YOUR INSTRUCTIONS:
With the pictures omitted, print exactly the lines below, from the one containing "Cau 1 (0,5 điêm)." through the one containing "Funda de Cuero", and nothing else.

SUPPLIED RECORDS:
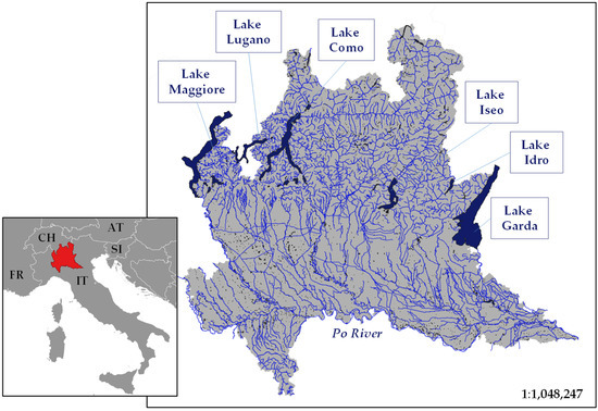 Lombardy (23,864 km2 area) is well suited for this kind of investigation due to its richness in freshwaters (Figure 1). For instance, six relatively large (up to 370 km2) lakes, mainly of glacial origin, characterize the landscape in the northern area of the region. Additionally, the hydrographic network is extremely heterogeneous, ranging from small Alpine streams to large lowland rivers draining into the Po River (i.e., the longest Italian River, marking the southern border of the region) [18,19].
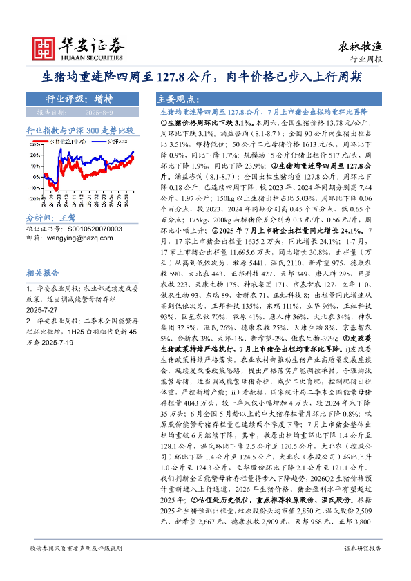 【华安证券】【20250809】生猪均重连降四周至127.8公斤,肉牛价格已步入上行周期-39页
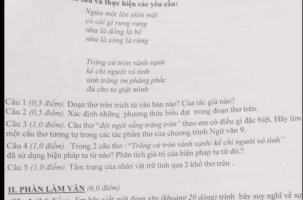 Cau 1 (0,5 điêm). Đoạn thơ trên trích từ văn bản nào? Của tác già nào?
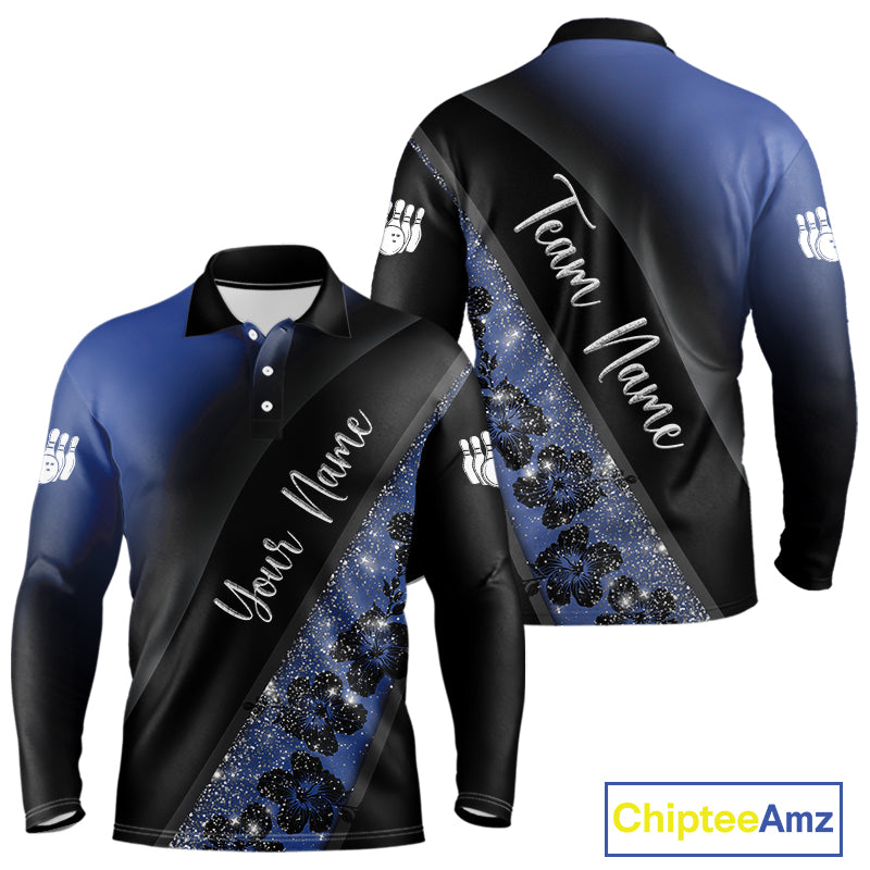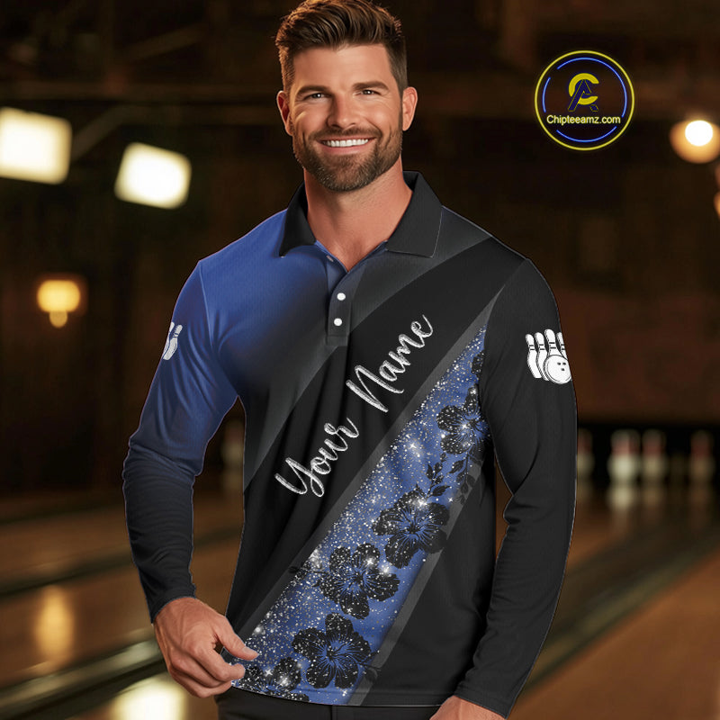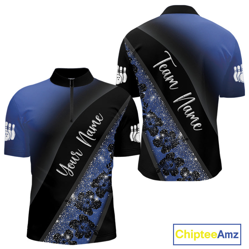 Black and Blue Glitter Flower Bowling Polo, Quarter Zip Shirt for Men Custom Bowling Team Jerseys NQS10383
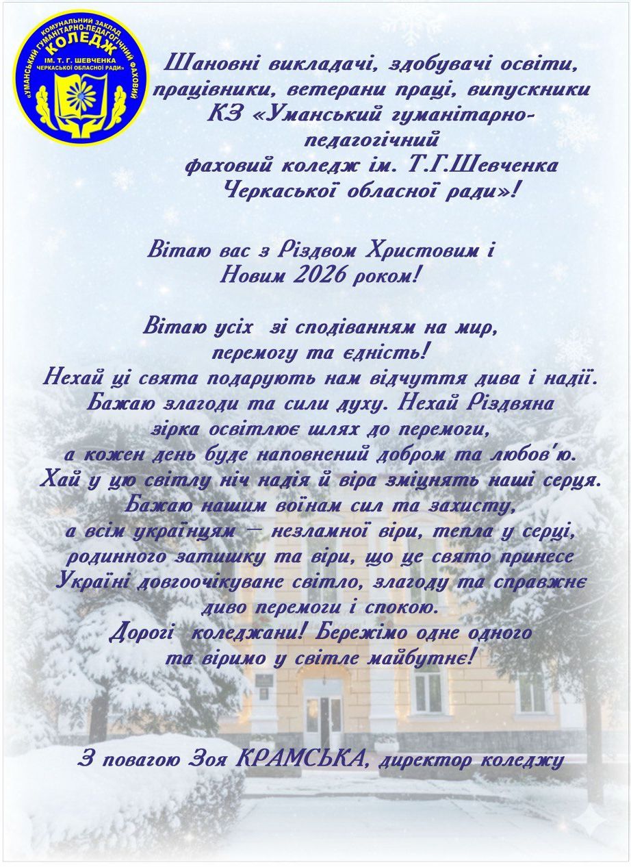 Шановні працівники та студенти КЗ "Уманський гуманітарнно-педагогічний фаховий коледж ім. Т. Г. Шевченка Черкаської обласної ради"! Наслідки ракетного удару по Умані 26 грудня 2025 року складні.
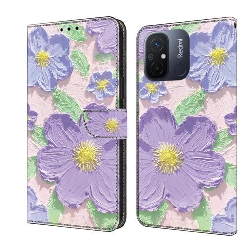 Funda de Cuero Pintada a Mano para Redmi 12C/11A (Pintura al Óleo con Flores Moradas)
--
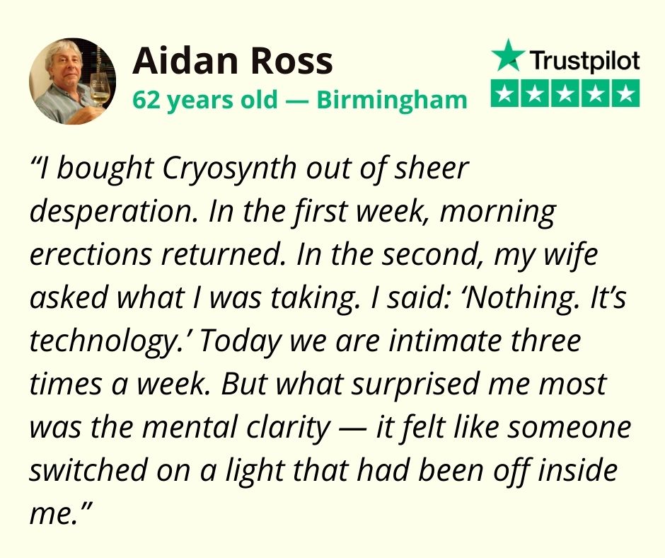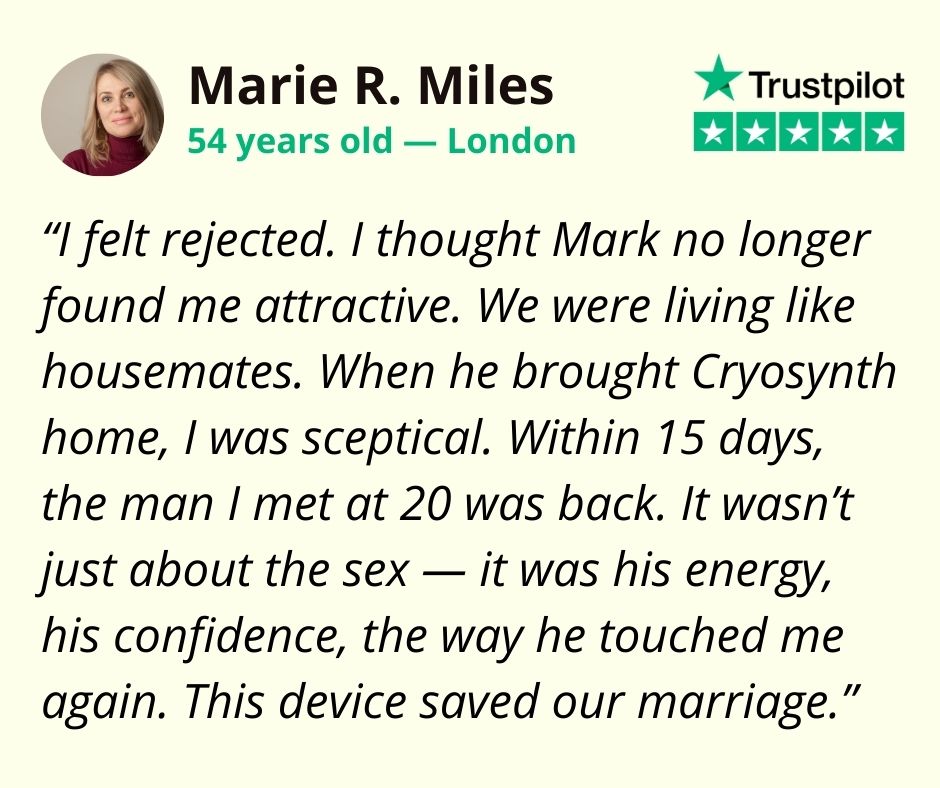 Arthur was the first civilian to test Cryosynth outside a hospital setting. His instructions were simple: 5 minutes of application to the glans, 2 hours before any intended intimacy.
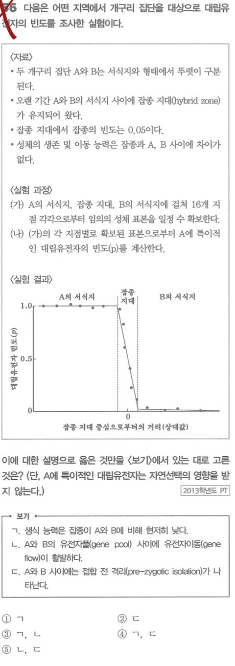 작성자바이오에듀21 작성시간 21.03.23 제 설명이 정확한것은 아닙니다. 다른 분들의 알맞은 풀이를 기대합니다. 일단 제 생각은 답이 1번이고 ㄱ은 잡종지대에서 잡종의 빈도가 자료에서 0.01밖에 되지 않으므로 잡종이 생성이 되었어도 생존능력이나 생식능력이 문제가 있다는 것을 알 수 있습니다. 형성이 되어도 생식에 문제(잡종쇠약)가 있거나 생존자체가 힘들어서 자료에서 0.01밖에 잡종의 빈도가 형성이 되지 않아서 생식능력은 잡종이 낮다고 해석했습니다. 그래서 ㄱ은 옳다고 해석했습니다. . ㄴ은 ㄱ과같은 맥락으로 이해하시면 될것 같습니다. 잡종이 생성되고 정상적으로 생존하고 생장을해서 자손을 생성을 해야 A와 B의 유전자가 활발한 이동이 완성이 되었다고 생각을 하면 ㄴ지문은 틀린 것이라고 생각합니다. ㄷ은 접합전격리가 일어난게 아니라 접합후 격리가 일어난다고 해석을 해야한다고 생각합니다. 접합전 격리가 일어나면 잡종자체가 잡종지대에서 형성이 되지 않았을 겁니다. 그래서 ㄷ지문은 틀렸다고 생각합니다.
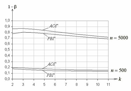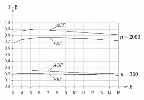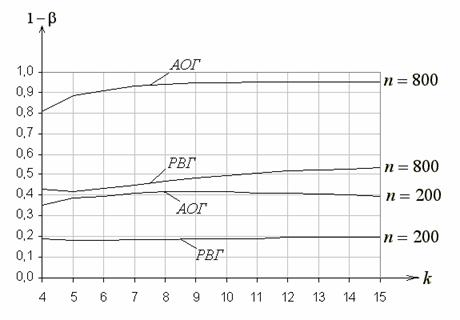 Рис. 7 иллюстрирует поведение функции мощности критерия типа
* * *
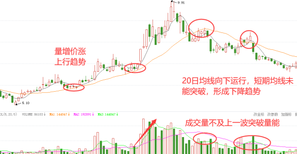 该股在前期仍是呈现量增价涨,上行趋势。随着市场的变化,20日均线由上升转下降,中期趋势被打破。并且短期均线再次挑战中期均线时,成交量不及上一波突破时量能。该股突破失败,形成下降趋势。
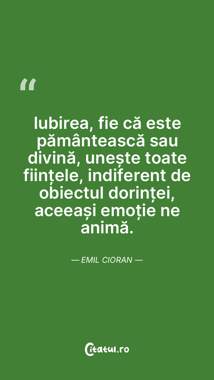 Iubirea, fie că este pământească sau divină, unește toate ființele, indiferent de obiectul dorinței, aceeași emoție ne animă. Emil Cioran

ANSWER TO THIS EXERCISE:
 Cau 1 (0,5 điêm). Đoạn thơ trên trích từ văn bản nào? Của tác già nào?
 Black and Blue Glitter Flower Bowling Polo, Quarter Zip Shirt for Men Custom Bowling Team Jerseys NQS10383
 Шановні працівники та студенти КЗ "Уманський гуманітарнно-педагогічний фаховий коледж ім. Т. Г. Шевченка Черкаської обласної ради"! Наслідки ракетного удару по Умані 26 грудня 2025 року складні.
 Funda de Cuero Pintada a Mano para Redmi 12C/11A (Pintura al Óleo con Flores Moradas)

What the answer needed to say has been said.